'Cold Pursuit': Liam Neeson blows snow, movie itself just blows

Chicago (tca/dpa) - A beat-by-beat remake of the 2014 Norwegian thriller "In Order of Disappearance," director Hans Petter Moland's "Cold Pursuit" puts Liam Neeson behind the wheel of a snowplow with vengeance on his mind.

Had the film been made back in the '60s, with less gore and fewer corpses, the theoretical theme song would've included that lyric: "Behind the wheel of a snowplow/With vengeance on his mind ..."
Enough facetiousness. "Cold Pursuit" has enough of its own facetiousness for a dozen jokey Tarantino-knockoff carnage festivals.
Shot in British Columbia, "Cold Pursuit" litters its bodies all around the fictional Colorado ski town of Kehoe, where taciturn Nels Coxman (Neeson) keeps the roads clear and earns the respect of his fellow townsfolk. Life is orderly and Nels' blandly supportive spouse (Laura Dern, barely given the time to talk) functions as a frontier wife, mutely in tune with her man's strong, silent persona.
Then, in the spirit of "Taken," someone robs our hero of a loved one. Nels' grown son (Micheal Richardson, Neeson's real-life offspring) turns up dead, the apparent victim of a heroin overdose.
The rest of the movie follows Nels as he dispatches round after round of low-level drug dealers, en route to nailing Mr Big, the tightly wound sociopath known as Viking.

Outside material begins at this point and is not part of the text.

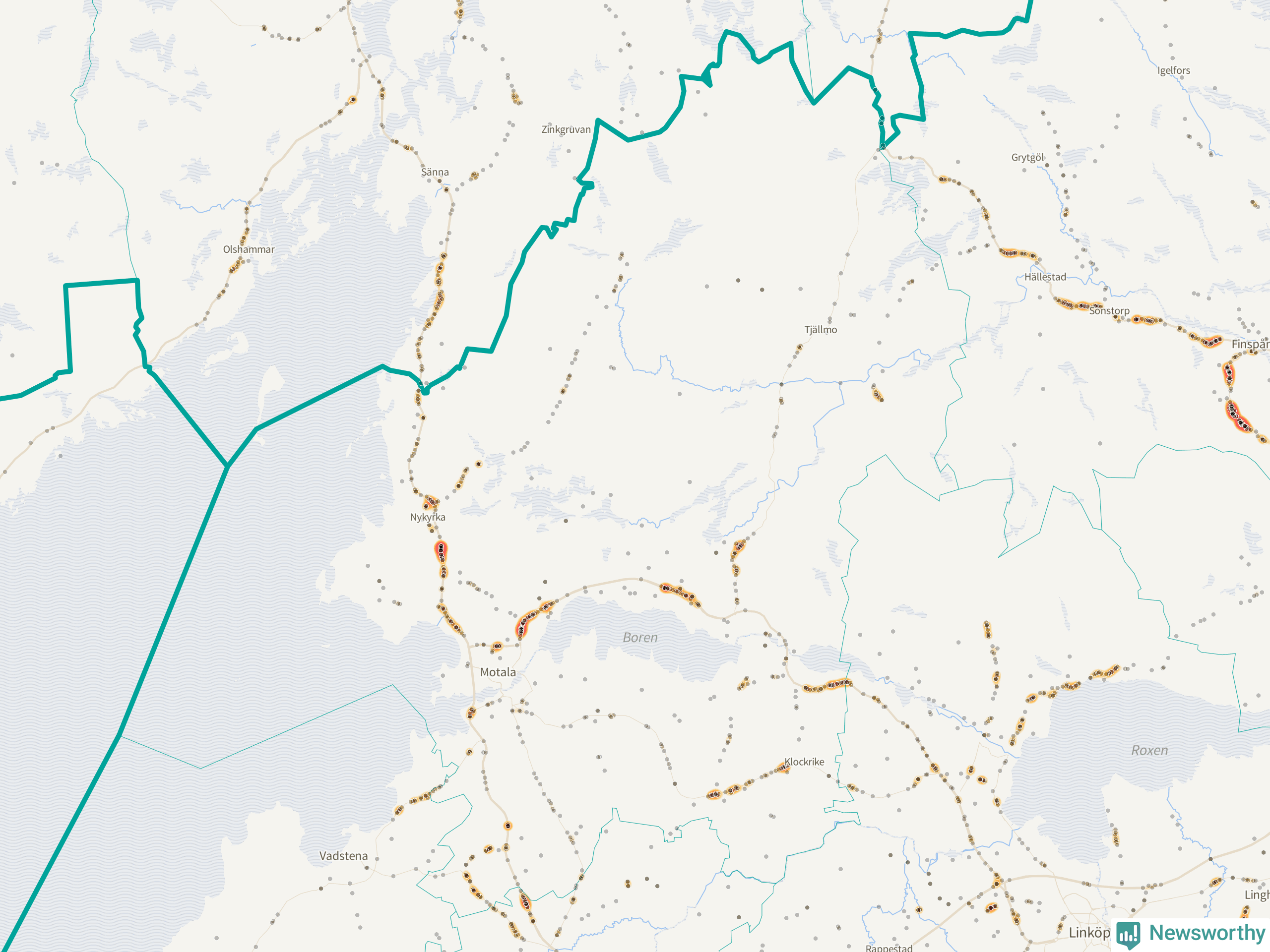 | Boxholm | väg 32 | rådjur, vildsvin | 130 |

This control freak, who has serious custody issues with his ex-wife (Julia Jones), is played by Tom Bateman, having tons of fun overacting. Approximately 30 per cent of it is fun for the audience.
Screenwriter Frank Baldwin follows the Norwegian film's antic comic flourishes, capping each new killing with an on-screen headstone marker. The Colorado re-setting allows for a few topical references to legalized marijuana and the introduction of Native American thugs and cartel heads.
The movie delivers, in its chosen way. But it's a soulless way.
The violence may be for laughs, and many Neeson fans will likely respond to the larky brutality of "Cold Pursuit," which is very different from the star's previous mid-winter vehicles ("The Grey" is my favorite). But I don't get much psychic recreation from this sort of action movie. In the original, Stellan Skarsgard played the avenging snow angel, and with him, at least, you got the sense of a solid if vaguely unsettling citizen unraveling, by degrees, one killing at a time. With Neeson it's different: He's like the wedge at the front of his own plow, taking care of business efficiently, and not for a moment anything resembling human.